Religion

Opinion | The Wages of Idolatry

In his book “You Are What You Love,” the philosopher and theologian James K.A. Smith points out that what most deeply drives us is often not what we articulate as our deepest love. In other words, he says, you may not love what you think you love. We may not worship what we say we do. Part of why idols can remain invisible to us is that they are often not individual in nature. Typically, communities, nations or subcultures have particular idols, which become so normative that they are no longer recognized as idols. They become the water we swim in.

The idea of idolatry explains why evil often feels like more than the sum of its parts, more pervasive than just individual actors and actions can account for. It’s why lots of seemingly nice individuals can end up living in a society full of oppression and dysfunction. In his book “Seek the Peace of the City,” theologian Eldin Villafañe notes how our actions are not merely transactions between one person and another but are more like threads in a “complex web” of social existence. The institutions and structures that form us “seem to have an objective reality independent of the individual, and thus can become oppressive, sinful and evil.” Individual actions ricochet within the larger whole in far darker ways than any person can orchestrate alone.

What does this look like on a societal level? Days after the Marjory Stoneman Douglas High School shooting in Parkland, Fla., in 2018, I tweeted, “If you want to know who or what a culture worships, look at what people are willing to let kids die for.” I was thinking about idolatry. The United States has a profound devotion to guns.
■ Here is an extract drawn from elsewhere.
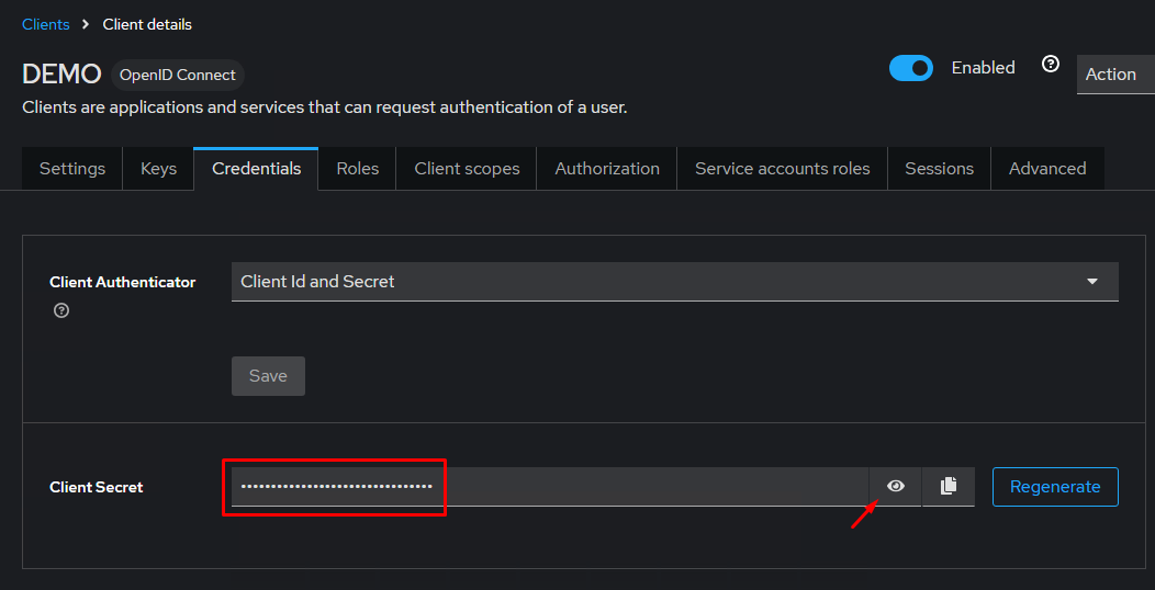 Сохраните изменения. Скопируйте значения параметров Client ID и Client Secret (вкладки Settings и Credentials) и укажите их в переменных BS_BACKEND_OPENID_CLIENT_ID и BS_BACKEND_OPENID_CLIENT_SECRET файла .env (см. Рисунок 5 и 6).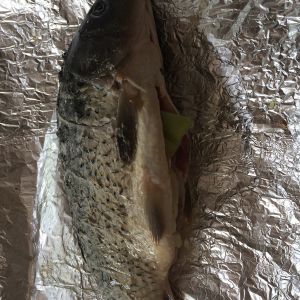鱼身表面刷一层油,鱼肚内塞葱段、姜片、蒜,放在刷了油的锡纸上。烤箱预热,170度20分钟。

We are, German Lopez reported in the Times, “a global outlier when it comes to gun violence,” with more gun deaths, by far, than any of our peers. With more guns in the United States than people, many see gun ownership as part of their identity and an inalienable right. Guns take on a sacred quality among devotees. Sometimes this is overt, such as the trend highlighted by The Atlantic last year of Catholic gun enthusiasts posting illustrations of saints holding AR-15s or photos of guns draped in rosaries. Usually, idolatry presents with far more subtlety. Most people would not valorize violence. They would not profess a worship of weapons. But our devout attachment to guns springs from a broad societal adoration of power and of individual rights. These interact with other cultural idols, like money, in complex ways as the gun lobby buys an outsize voice in politics. Our inability to pass meaningful gun control measures is irrational. Idolatry, however, is impervious to rational arguments because it is driven by passions deeper than cognition.

The gun debate makes sense only when we understand that individual gun owners are mostly very kind, friendly people who love their kids and their neighbors but who, despite evidence to the contrary, share a kind of cultural faith that guns are a means to security, safety and freedom. They articulate the problem of gun violence in individual terms; the problem, they argue, is the sin of the individual who pulls the trigger, who commits murder. And of course, that is a grievous sin. However, to cast America’s gun deaths as purely the fault of individuals is to deny a broader cultural idolatry that makes any individual sin far easier to commit.